John the Baptist points to Jesus and declares: “Behold, the Lamb of God who takes away the sin of the world!” John, who was Jesus’ cousin knew about this. After all, the two of them met before either of them were born. Nice story, it’s good reading and, of course, astonishing and beautiful.

For centuries the Jewish religion demanded sacrifices of animals and food to atone for their sin. It made everyone feel a lot better as we go on sinning in spite of our tremendous offerings. God, giving Himself to death for the ones he created is the only cure.

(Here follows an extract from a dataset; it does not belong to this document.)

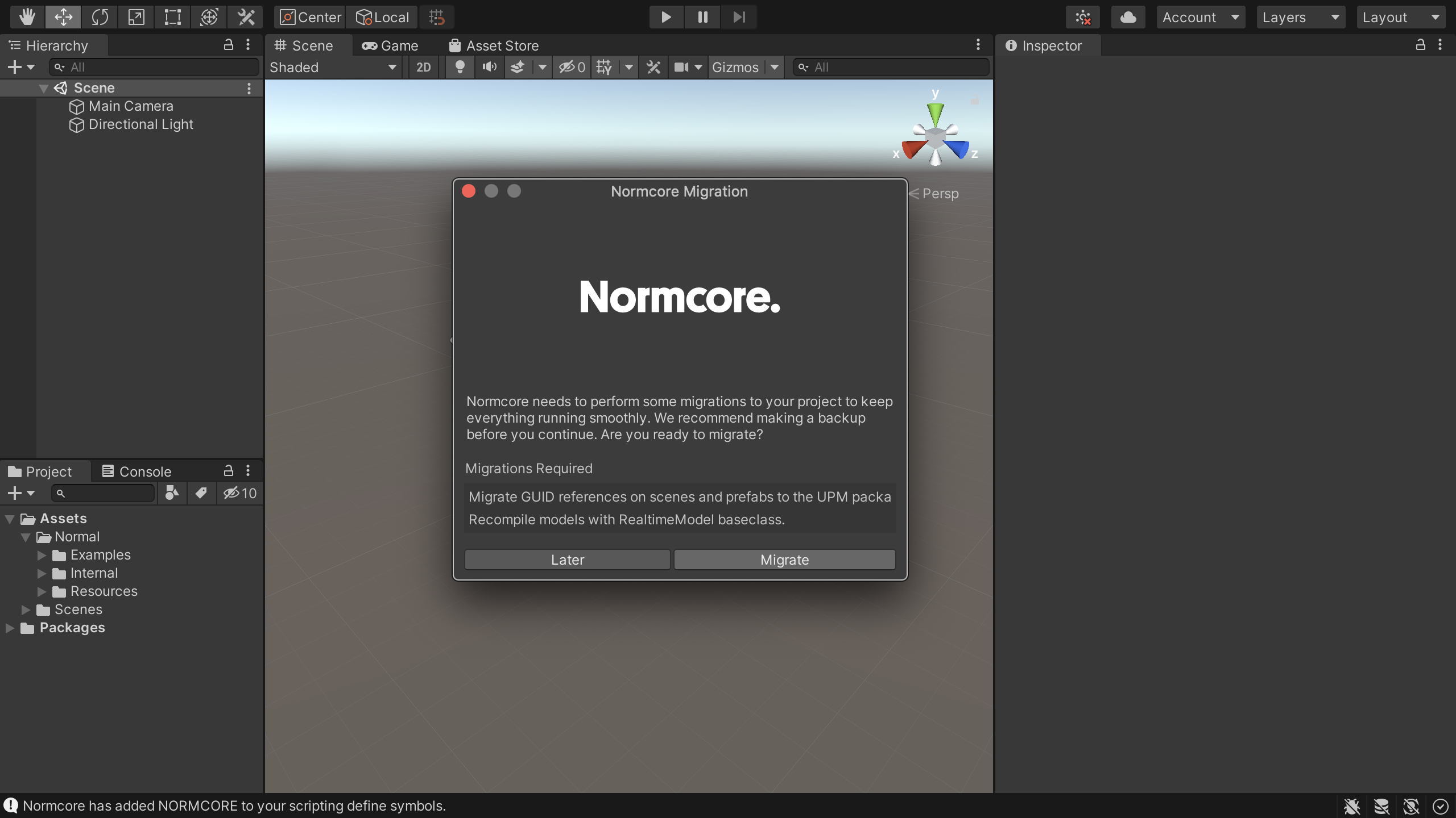 Restart Unity to reset any files altered during the import process. When Unity reopens, the Normcore Migration window will appear.

I know about about sin, I should, I consider myself the be the chief of sinners at times. that’s a phrase I borrow from Peter the Apostle. Since my last name is Peters son I inherited that penchant for sin. That was 42 generations ago. Yet, The key is not bragging about how bad you were and are, It’s the thing that is true for every one who has, is, or will be living. All of us no matter how nice you believe you are.

You know it, even though we all think we will ‘make the cut’ because we’re not so very bad and we even go to church and give to the poor!’ An illusion we all embrace at some time or another. That’s in scripture too by the way. Talk to Jesus and listen to what He says. There is the moment that gives us incredible joy when we are delivered from a sinful behavior. It makes life real and purposeful for us and our loved ones. Still, we sin, and have sinned. The debt we owe to the judge of all things can’t be paid by us. We are to be holy and we are not. Now we are on that Highway of Holiness and shall not go astray.

That debt is the reason Jesus was born. He taught and loved and healed and showed us His perfect life. The only perfect sacrifice for us. A spotless Lamb which was a usual Temple sacrifice. But now, a lamb of God. Given to death for all , once and forever. Tetelesti. There is so much more, there isn’t room in this short column. It is indeed the Good News that we are ransomed from the righteous wrath of His Father. We deserve death, “He made me alive, when I was dead and He raised me up and seated me with Christ. It’s by his Grace, that I am saved and it’s though faith, the very gift of God”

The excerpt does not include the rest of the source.